We believe there is a connection between a sustainable business model and long-term sustainability in profitability and growth. Profitable growth is obviously also a good recipe for higher share prices and good investments, which is what we seek out on behalf of our unitholders.
All companies have varying degrees of exposure to sustainability risks according to their industry, geographical spread and ownership, which can entail both significant share price risks and opportunities. By focusing on sustainability aspects in combination with financial analysis, we can increase our accuracy in the assessment of each company’s growth and results.
Active inclusion – what is a sustainable company?
Innovative solutions to today’s challenges can provide both profitable and sustainable growth with a structural driving force in addition to the traditional cyclical factors that govern a company’s advances and setbacks. There are a number of obviously sustainable companies, but how can we find the structural driving forces in a seemingly ordinary company? And what makes a sustainable company a good share? To answer this question, we use the UN Agenda 2030 for Sustainable Development.
We use the goals to identify and map business models that can benefit structurally by offering a solution to one or more of the 17 goals of Agenda 2030. We have also picked out a couple of themes that we consider particularly exciting and where we believe exposure can give companies a source of structural growth. Last but not least, we examine to what extent each company’s income statement and balance sheet are affected by sustainability. Adding this to the rest of the puzzle in our investments improves our understanding of the long-term potential.
Short selling unsustainable shares
Is it possible to make money from companies that conduct unsustainable business? Having the opportunity to go short (short sell shares) in, for example, Catella Hedgefond means that we can also make money when a share price falls. This might be a company with risks that are incorrectly priced by the market or that is being challenged by sustainable innovation. This is in line with our view that sustainable business creates value, which implies that unsustainable products are exposed to risks over time.
We draw a clear threshold for sectors and products that contrast with our philosophy and process, meaning companies that produce products that create or exacerbate a global challenge. We therefore exclude companies that produce tobacco, alcohol, commercial gambling, weapons and coal. We also exclude all companies that violate international norms and conventions. Companies involved in the production and distribution of fossil fuels are entirely excluded from all our traditional equity and fixed income funds. With restrictions and rigorous demands on how companies approach sustainability issues, we are able to make investments in the energy sector within our absolute return mandates. Our funds of funds are under review, with the levels being successively raised. At present, however, we have taken a first step and only invest in funds that are signatories to the PRI. Third-party assessment of each company’s sustainability work helps us to reveal risks and initiate company dialogue.

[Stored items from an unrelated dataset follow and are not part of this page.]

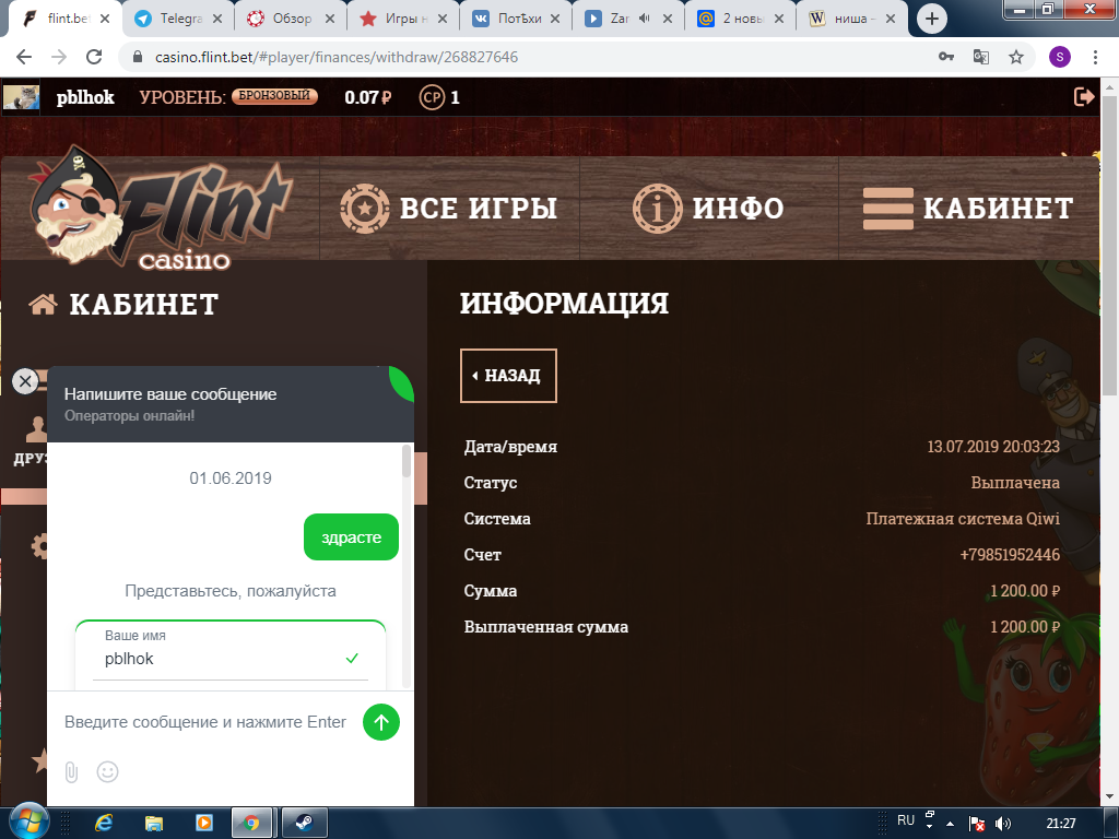 Я совсем недавно прокачал в этом казино статус на одну ступеньку от новичка, т.е. "БРОНЗОВЫЙ" и увидел очень приятную плюшку: flintikmmm.png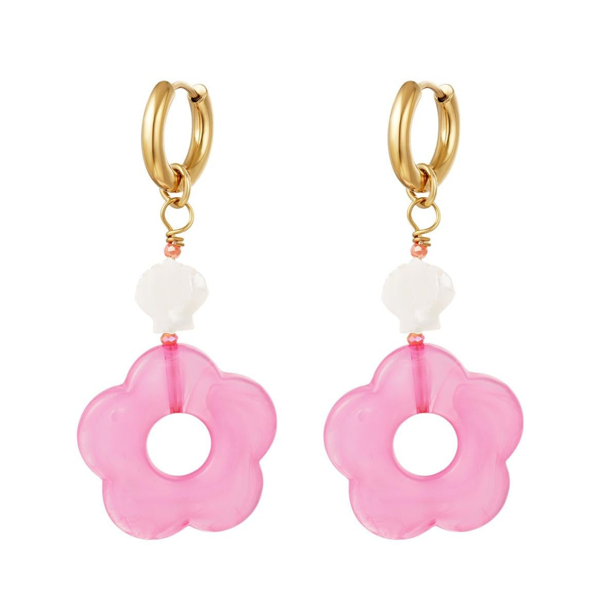 Zomerse oorbellen met kleine schelp en grote roze bloem. De oorbellen zijn niet zwaar.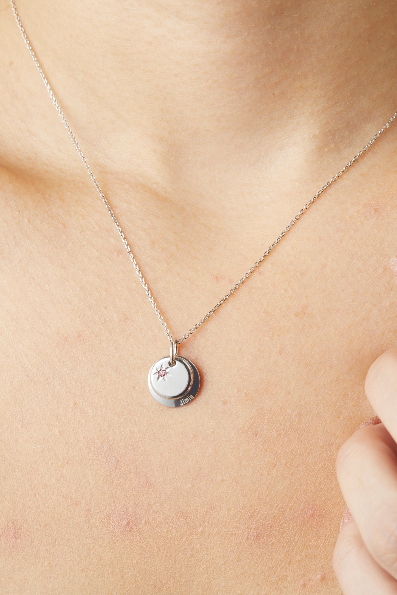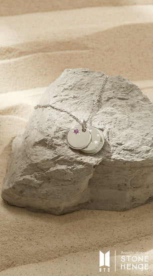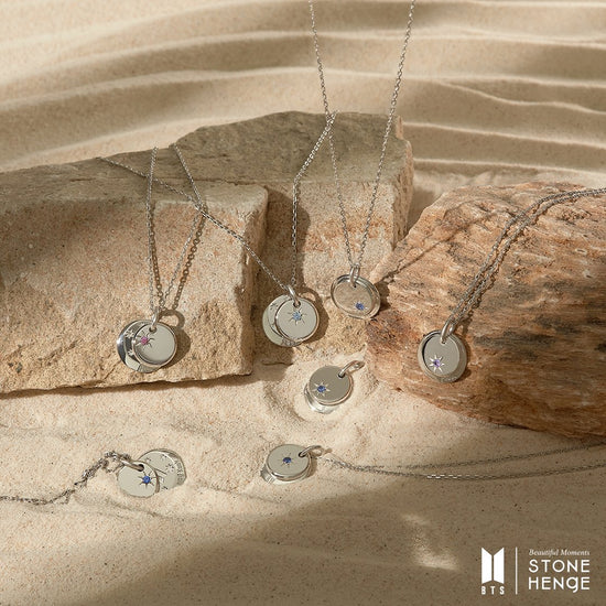 宇宙を象徴する2つのサークル型ペンダントに7つの誕生石とBTSロゴが刻まれています。それぞれの誕生石が、モダンな魅力を放ちます。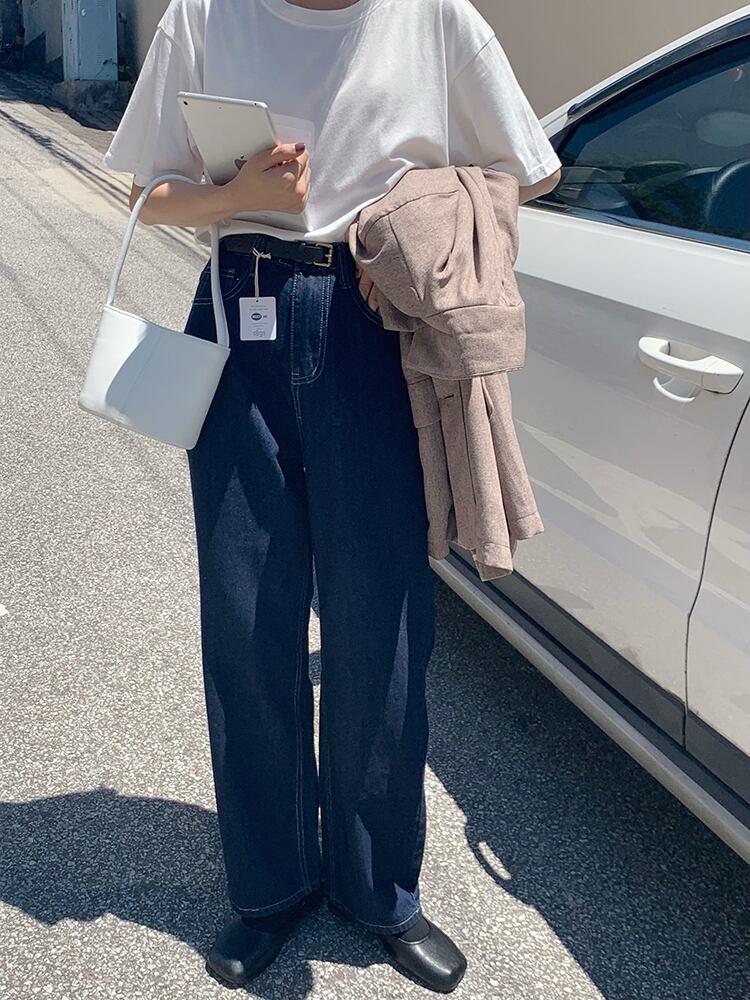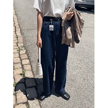 ジーンズ オータムウェストスタンダードルーズワイドレッグ レトロ 秋物 ワイドパンツ ビッグFスモールZ韓国43460227017

It is commonly thought that excluding unsustainable companies means having to sacrifice returns. But this obviously depends on the time horizon and which company choices we make in general. Research shows that, over time, it is neutral to exclude these companies; it costs nothing but nor does it create value. The most important argument for our exclusion strategy is to be able to offer sustainable products so that our clients can feel secure that they do not contain undesirable exposure. On top of this is our belief that, over time, we also reduce the danger of undesirable risks.
As a shareholder, we are able to influence companies in a more sustainable direction by being active in board recruitment processes, at general meetings and in discussions with executive management. We can also exert influence by cooperating with other shareholder groups. Our actions are always based on an assessment of the prospects for achieving a result that benefits our unitholders. Our ability to exercise influence depends on the type of asset involved. When we are a large shareholder in a listed Swedish company, we have well-established forms of shareholder influence. For other investments, such as in foreign companies and companies that we own indirectly, there is more limited potential to have an influence, which makes it even more important to work with other investors. It is the lead fund manager who conducts ongoing dialogue with the companies on both financial and ownership issues.
Our sustainability process
Click the image to see which companies we exclude.
As an active manager, we maintain ongoing dialogue with a large number of companies on the Nordic exchanges. The issues at stake are both financial matters and shareholder dialogue, as well as sustainability. We strongly believe that sustainability analysis must be integrated with financial analysis in order to be truly value-creating. This work is carried out on an ongoing basis as a natural and integral part of the traditional role of the portfolio manager, with an assessment of a company’s opportunities for future growth and profitability. By adding an assessment of the extent to which sustainability strengthens or weakens a company’s prospects, we improve our understanding and therefore the accuracy of our forecasts.
Twice a year, all holdings in the portfolios and their relevant indexes are screened to ensure our thresholds and restrictions. We use an external and independent partner, Sustainalytics, which evaluates the companies’ sustainability work and monitors current controversies and problems. The screening gives us a list of companies that are in violation of international norms and conventions, and companies that are affected by our threshold at product level. We also use the analysis from Sustainalytics to discover which companies have increased risks (low scores in relevant areas) or improvement potential in their sustainability reporting. Based on this, we are able to identify investment candidates and prioritise future ownership dialogue.
In order to dig more deeply into these issues, we hold quarterly internal sustainability seminars during which we add our own company analysis to that of Sustainalytics.